**Exercise**: Whenever a picture appears, leave it out while repeating all the other data exactly.
━━ Provided data ━━
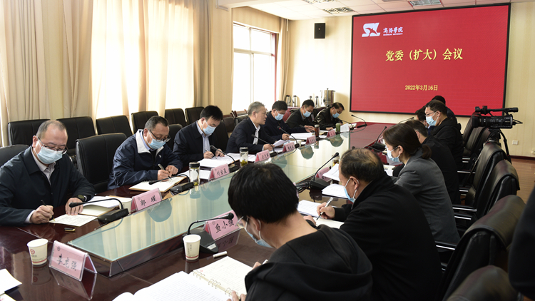 会议采取线上线下相结合的方式召开,全体校领导、党委委员和党委理论学习中心组成员在现场参会,各职能部门、各二级院(部)党政主要负责人通过在线参加会议。
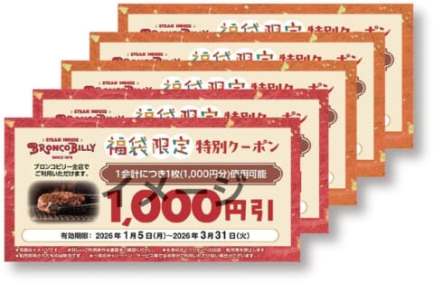 ブロンコビリーは、2026年1月2日(金)より「ブロンコビリー福袋」を税込5,000円で販売します。5,000円分の特別クーポンとオリジナルグッズ5点セットが含まれるほか、合計2,850名様に豪華プレゼントが当たるチャンスも。開催内容や参加方法を詳しく紹介しますのでぜひ参考にしてください。
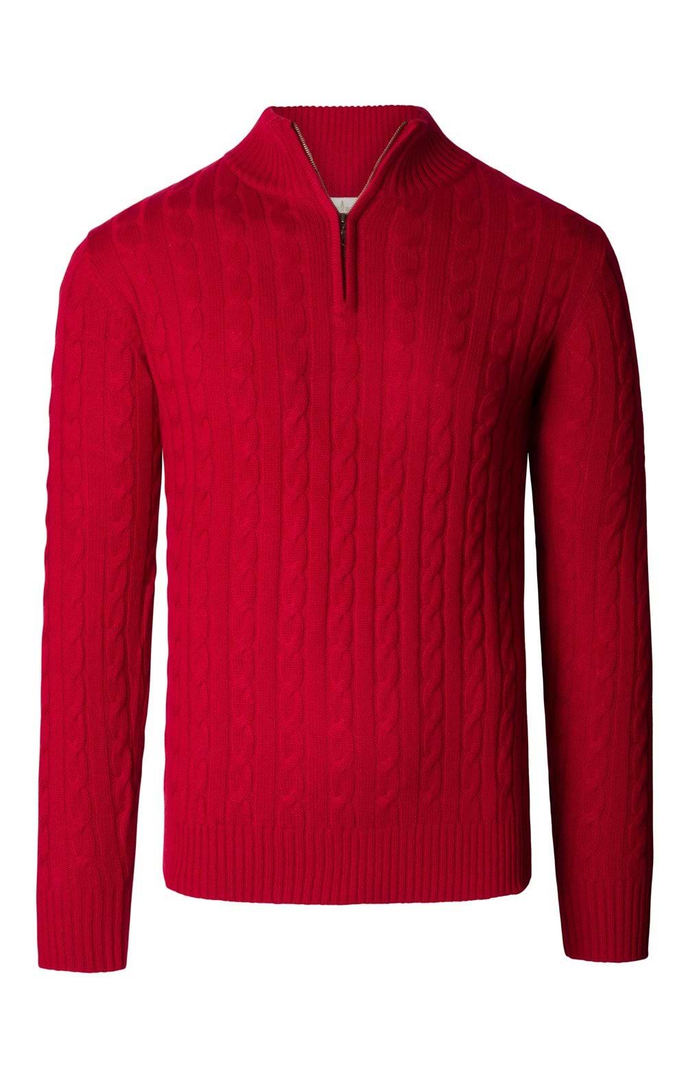 T-zip jumper in pure cashmereCable-knit styleSemi-fittedRibbing to neck, cuffs and hemDesigned by The House of BruarThis luxurious T-zip will look great over a tattersall shirt and your favourite moleskin jeans, with the option of adding a nautical blazer or country tweed jacket for sophisticated smart-casual events. Alternatively, just team it with your favourite jeans to add some cashmere luxury to your off-duty weekend look.
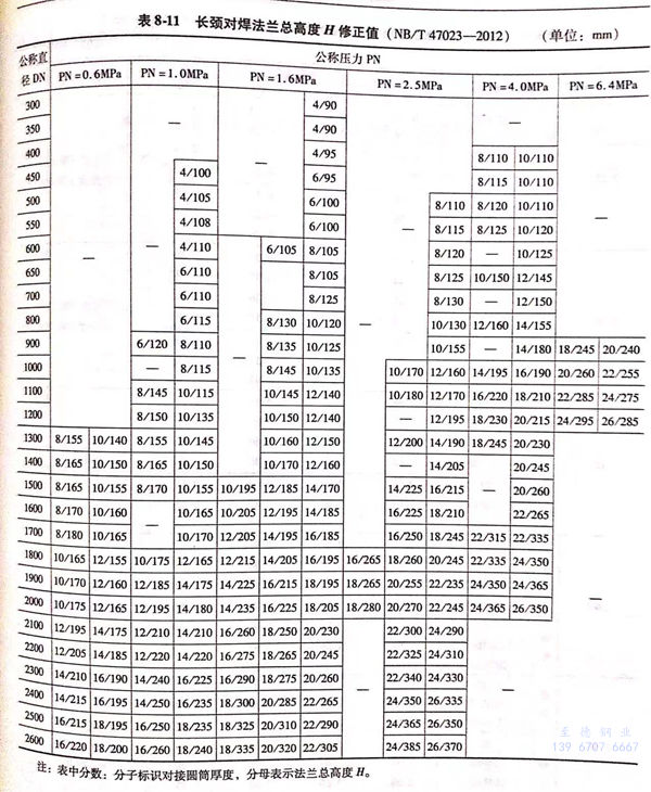 8. 长颈对焊法兰总高度H修正值见表 8-11 。
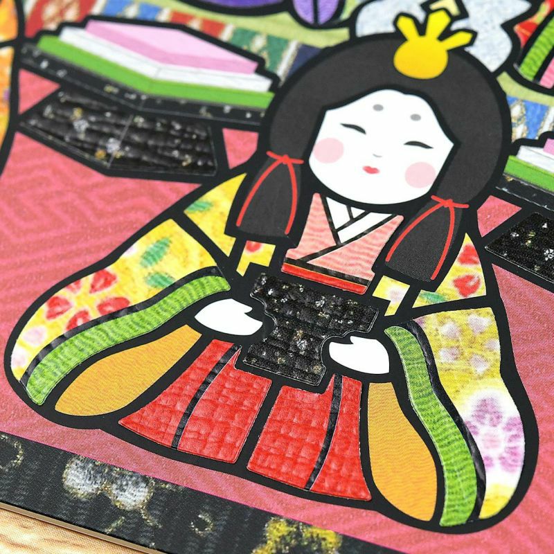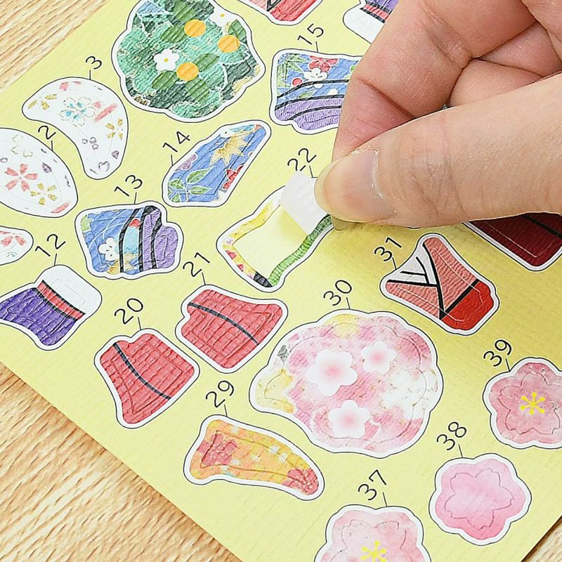 ちりめん布など実際の布を印刷したシールを使用しています。布を貼っているような完成度の高い仕上がりになります。
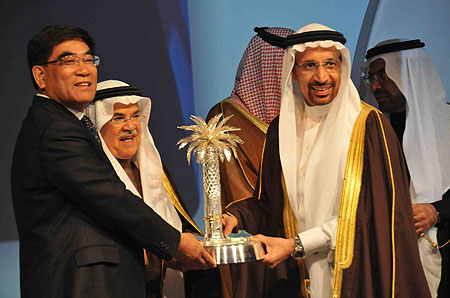 1月14日,在沙特阿美公司總部,阿美公司總裁和首席執(zhí)行官哈立德(右)和中石化董事長(zhǎng)傅成玉(左)向沙特石油和礦產(chǎn)資源大臣納伊米(中)贈(zèng)送紀(jì)念品。當(dāng)天,中國(guó)石油化工集團(tuán)公司(中石化)和沙特國(guó)家石油公司(沙特阿美)簽署了合資在沙建煉油廠的協(xié)議。根據(jù)協(xié)議,兩大公司合作在沙特西部沿海城市延布(yanbu)建設(shè)一座煉油廠,總投資接近100億美元。沙特阿美將持有62.5%的股份,中石化持有剩余股份。新華社發(fā)(記者
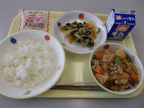 ごはん、ジャガイモのそぼろ煮、辛し和え、タルト、牛乳
━━━
**Expected output**:
 会议采取线上线下相结合的方式召开,全体校领导、党委委员和党委理论学习中心组成员在现场参会,各职能部门、各二级院(部)党政主要负责人通过在线参加会议。
 ブロンコビリーは、2026年1月2日(金)より「ブロンコビリー福袋」を税込5,000円で販売します。5,000円分の特別クーポンとオリジナルグッズ5点セットが含まれるほか、合計2,850名様に豪華プレゼントが当たるチャンスも。開催内容や参加方法を詳しく紹介しますのでぜひ参考にしてください。
 T-zip jumper in pure cashmereCable-knit styleSemi-fittedRibbing to neck, cuffs and hemDesigned by The House of BruarThis luxurious T-zip will look great over a tattersall shirt and your favourite moleskin jeans, with the option of adding a nautical blazer or country tweed jacket for sophisticated smart-casual events. Alternatively, just team it with your favourite jeans to add some cashmere luxury to your off-duty weekend look.
 8. 长颈对焊法兰总高度H修正值见表 8-11 。
 ちりめん布など実際の布を印刷したシールを使用しています。布を貼っているような完成度の高い仕上がりになります。
 1月14日,在沙特阿美公司總部,阿美公司總裁和首席執(zhí)行官哈立德(右)和中石化董事長(zhǎng)傅成玉(左)向沙特石油和礦產(chǎn)資源大臣納伊米(中)贈(zèng)送紀(jì)念品。當(dāng)天,中國(guó)石油化工集團(tuán)公司(中石化)和沙特國(guó)家石油公司(沙特阿美)簽署了合資在沙建煉油廠的協(xié)議。根據(jù)協(xié)議,兩大公司合作在沙特西部沿海城市延布(yanbu)建設(shè)一座煉油廠,總投資接近100億美元。沙特阿美將持有62.5%的股份,中石化持有剩余股份。新華社發(fā)(記者
 ごはん、ジャガイモのそぼろ煮、辛し和え、タルト、牛乳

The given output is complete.